Tell us more about those systems and how you designed them?
Blackmagic Design Decklink PCI cards were the defining factor of the custom built PC systems that we built inhouse. They allowed ESL’s own, and 3rd party broadcast software to input and output video natively over SDI. We used Decklink Quad 2 cards here primarily, because of their ability to output, or input, up to eight total video signals from a single card. For gaming events, this is a hugely powerful feature. Our instant replay server ingested four live video feeds, and outputted one output back to the vision mixer, all in 1080p 59.94 fps, all on a single Blackmagic Design Decklink Quad 2 PCI card.
On stage at the League of Legends we had a series of tall, dynamic LED screens behind each of the players and these would reflect the in-game characters that players picked out - and there was more than 140 options for the players to choose from! The media was outputted via DeckLink Quad 2 cards with our custom hardware solution, and produced a high quality and relevant backdrop to the players.
With any gaming event, you have a lot of sources to handle. How did you design the program mix to showcase everything that was going on?
The live production system was built around two ATEM 2 M/E Production Studio 4K switchers, working in tandem, which allowed us to segment the various production streams. The primary switcher was responsible for the master PGM mix, and received camera signals, broadcast graphics, video playback and video game signals. This switcher was controlled with an ATEM 2 M/E Broadcast Panel, which worked brilliantly. Having the panel in front of you when you’re dealing with more than 18 sources brings a real confidence to the mix. The switcher’s internal media store also complemented our graphics server, because of the recall speed, which was vital for such a fast paced and constantly changing program mix.

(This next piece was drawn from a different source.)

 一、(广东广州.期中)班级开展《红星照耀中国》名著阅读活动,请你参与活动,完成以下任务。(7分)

Then second ATEM switcher was used to create a submix of ten POV micro chip cameras placed in front of each player. This shot is a staple of esports production, and is critical in translating the players’ emotions through to the audience. We managed this mix with an ATEM 1 M/E Advanced Panel, which gave us a compact, but powerful control surface to mix the appropriate camera signal to air. That must have made for a very busy screen layout - how did you keep the production design clean and informative?

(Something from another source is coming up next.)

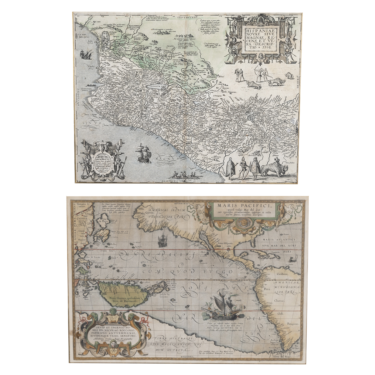Maris Pacifici quod vulgo Mar del Zud, 1601, and Hispaniae Novae Sive Magnae, Recens et Vera Descriptio, 1595,

When we combined the two mixes, it did produce a complex screen layout, so we relied heavily on features such as SuperSource and stingers as well as clean and timely transitions to make sure that the audience could follow all the action, but not get confused by the sheer amount of content we were throwing at them. A typical SuperSource layout would have four boxes of repositioned gameplay, and then we’d add a DVE box in the middle for the POV camera of the player, while they select their champion during the ‘pick and ban’ or ‘draft’, the initial phase of the game right before the action commences. We then inserted Fill and Key graphics over the top of everything using the second Upstream Luma Keyer.
What does the future hold for ESL and its live productions?
I’m sure future events will become even more sophisticated and challenging in terms of technical and editorial production, given the speed at which the industry continues to develop. However that manifests itself, Blackmagic Design’s kit will definitely play a key role in our production workflows. Each new product or update addresses specific, real life challenges that we face in our productions, and this allows us to bring ever more exciting productions to fans across the globe, whilst maintaining the ultra high end broadcast quality that gamers expect from their streams.